■ Your instructions
Copy word for word the lines in the records below, starting at the line with "Rincer les fruits" and ending at the line with "Refined and sophisticated.". Skip the pictures.

■ Dataset extract
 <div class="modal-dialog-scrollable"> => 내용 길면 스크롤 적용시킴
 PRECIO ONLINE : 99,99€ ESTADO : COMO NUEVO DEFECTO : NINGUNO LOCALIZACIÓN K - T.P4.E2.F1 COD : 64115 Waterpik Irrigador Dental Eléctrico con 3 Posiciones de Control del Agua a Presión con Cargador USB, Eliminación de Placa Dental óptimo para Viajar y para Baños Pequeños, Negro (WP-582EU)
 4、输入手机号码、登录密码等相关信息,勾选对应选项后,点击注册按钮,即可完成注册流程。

...

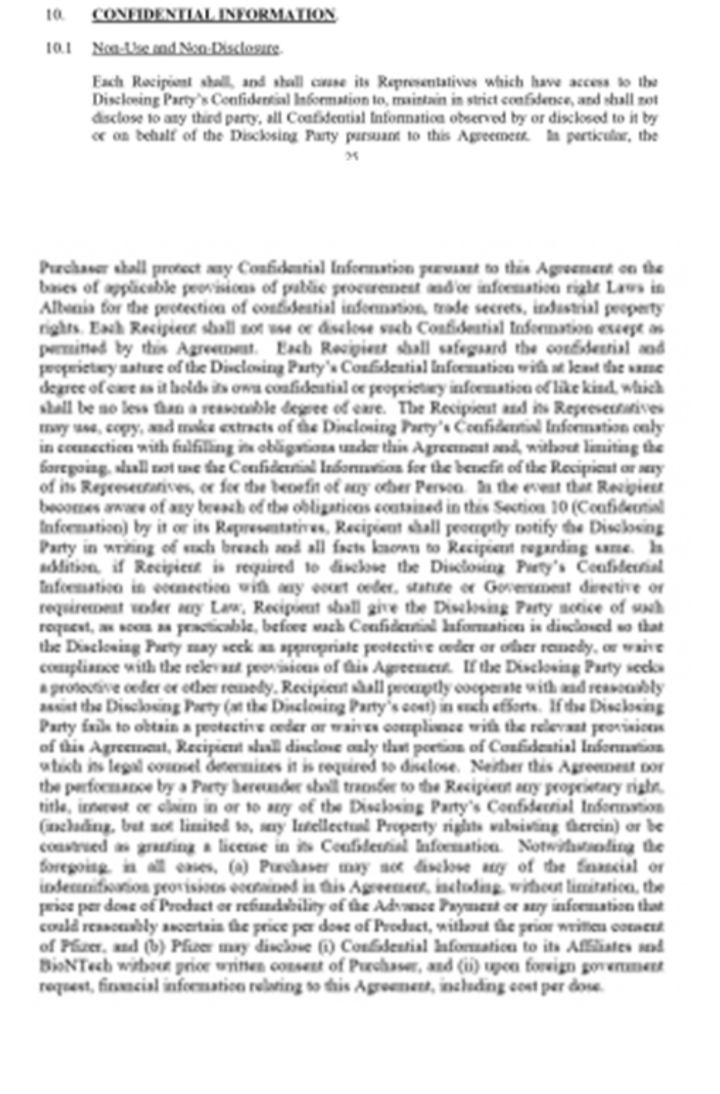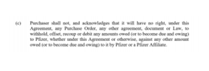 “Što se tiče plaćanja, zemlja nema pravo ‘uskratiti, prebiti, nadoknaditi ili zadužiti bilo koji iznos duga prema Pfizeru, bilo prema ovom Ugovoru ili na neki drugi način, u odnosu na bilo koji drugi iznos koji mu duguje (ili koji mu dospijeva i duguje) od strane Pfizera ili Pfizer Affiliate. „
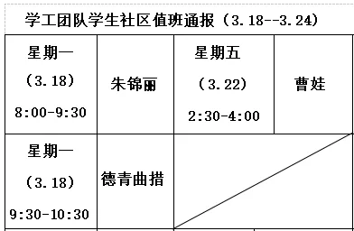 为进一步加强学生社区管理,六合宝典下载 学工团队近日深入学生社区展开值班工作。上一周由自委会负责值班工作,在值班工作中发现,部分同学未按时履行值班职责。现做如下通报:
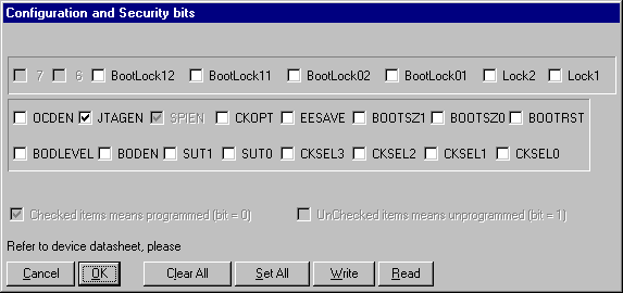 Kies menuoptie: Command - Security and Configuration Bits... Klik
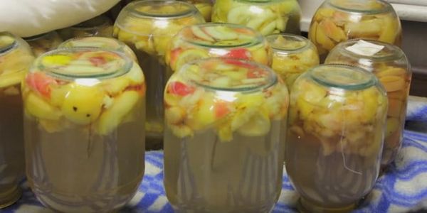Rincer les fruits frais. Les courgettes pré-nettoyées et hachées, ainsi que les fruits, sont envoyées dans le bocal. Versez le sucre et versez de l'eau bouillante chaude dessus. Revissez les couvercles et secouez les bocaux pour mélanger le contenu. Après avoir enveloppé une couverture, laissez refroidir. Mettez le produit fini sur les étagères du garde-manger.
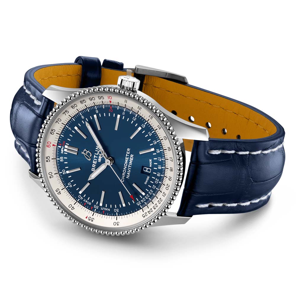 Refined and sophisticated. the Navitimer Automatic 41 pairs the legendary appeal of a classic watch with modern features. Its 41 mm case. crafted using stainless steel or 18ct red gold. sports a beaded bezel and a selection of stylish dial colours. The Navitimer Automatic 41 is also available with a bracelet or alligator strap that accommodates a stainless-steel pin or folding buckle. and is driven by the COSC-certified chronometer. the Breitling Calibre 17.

* * *

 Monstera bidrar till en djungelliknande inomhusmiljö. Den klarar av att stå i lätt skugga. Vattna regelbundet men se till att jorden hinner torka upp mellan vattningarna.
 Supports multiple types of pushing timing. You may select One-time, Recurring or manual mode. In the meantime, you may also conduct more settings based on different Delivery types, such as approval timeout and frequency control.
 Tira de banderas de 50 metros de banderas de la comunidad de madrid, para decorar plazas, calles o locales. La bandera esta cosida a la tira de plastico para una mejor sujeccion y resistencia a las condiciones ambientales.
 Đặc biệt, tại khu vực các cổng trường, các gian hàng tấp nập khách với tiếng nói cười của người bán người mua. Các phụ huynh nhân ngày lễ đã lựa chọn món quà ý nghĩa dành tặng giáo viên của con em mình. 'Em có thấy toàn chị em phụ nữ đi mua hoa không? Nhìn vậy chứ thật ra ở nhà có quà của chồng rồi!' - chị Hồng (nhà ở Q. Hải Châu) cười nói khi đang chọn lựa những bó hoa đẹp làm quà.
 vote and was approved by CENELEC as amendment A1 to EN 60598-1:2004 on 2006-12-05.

■ Task answer
Rincer les fruits frais. Les courgettes pré-nettoyées et hachées, ainsi que les fruits, sont envoyées dans le bocal. Versez le sucre et versez de l'eau bouillante chaude dessus. Revissez les couvercles et secouez les bocaux pour mélanger le contenu. Après avoir enveloppé une couverture, laissez refroidir. Mettez le produit fini sur les étagères du garde-manger.
 Refined and sophisticated. the Navitimer Automatic 41 pairs the legendary appeal of a classic watch with modern features. Its 41 mm case. crafted using stainless steel or 18ct red gold. sports a beaded bezel and a selection of stylish dial colours. The Navitimer Automatic 41 is also available with a bracelet or alligator strap that accommodates a stainless-steel pin or folding buckle. and is driven by the COSC-certified chronometer. the Breitling Calibre 17.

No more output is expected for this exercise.